### YOUR GOAL
Please give back exactly the line with "ヒーロー風カッコイイあだ名 | 『スーパーカネダリョウ』『仮面カネダー』 |" and each line after it through the end of the material, leaving out the pictures.

[DATASET SECTION Boundary: Start]

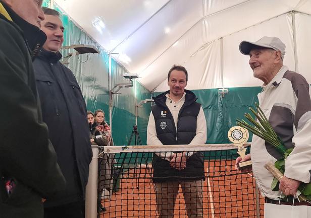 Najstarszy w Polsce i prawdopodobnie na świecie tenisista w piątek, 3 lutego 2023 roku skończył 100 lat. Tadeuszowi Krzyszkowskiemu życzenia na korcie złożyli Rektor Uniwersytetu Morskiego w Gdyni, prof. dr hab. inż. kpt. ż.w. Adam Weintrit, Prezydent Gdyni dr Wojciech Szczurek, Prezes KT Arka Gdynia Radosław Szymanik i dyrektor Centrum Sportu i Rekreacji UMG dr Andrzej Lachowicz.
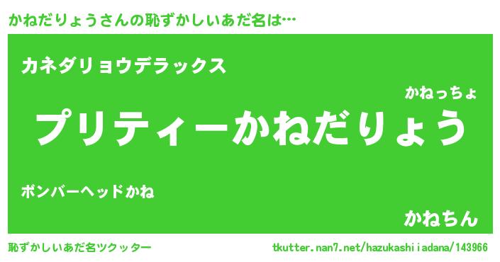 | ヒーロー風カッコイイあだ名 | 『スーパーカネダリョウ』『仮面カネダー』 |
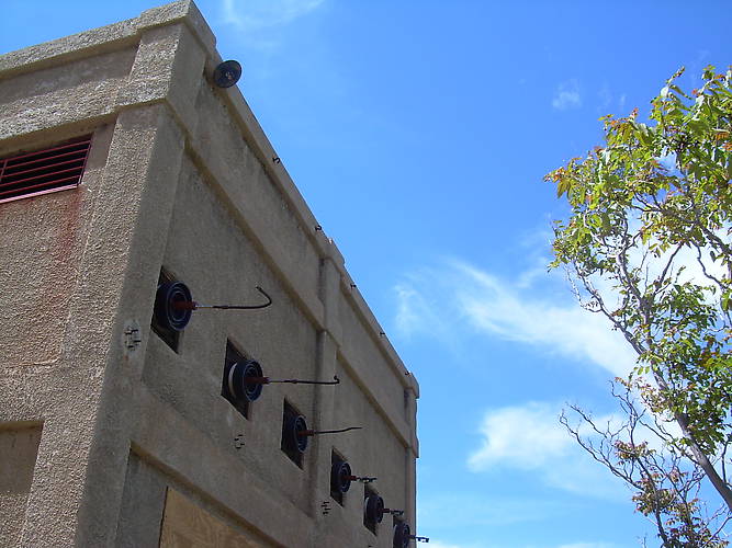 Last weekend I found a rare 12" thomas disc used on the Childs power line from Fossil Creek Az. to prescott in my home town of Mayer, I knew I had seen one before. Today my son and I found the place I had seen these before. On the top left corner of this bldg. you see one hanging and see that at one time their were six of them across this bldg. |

[DATASET SECTION Boundary: End]

### ANSWER
 | ヒーロー風カッコイイあだ名 | 『スーパーカネダリョウ』『仮面カネダー』 |
 Last weekend I found a rare 12" thomas disc used on the Childs power line from Fossil Creek Az. to prescott in my home town of Mayer, I knew I had seen one before. Today my son and I found the place I had seen these before. On the top left corner of this bldg. you see one hanging and see that at one time their were six of them across this bldg. |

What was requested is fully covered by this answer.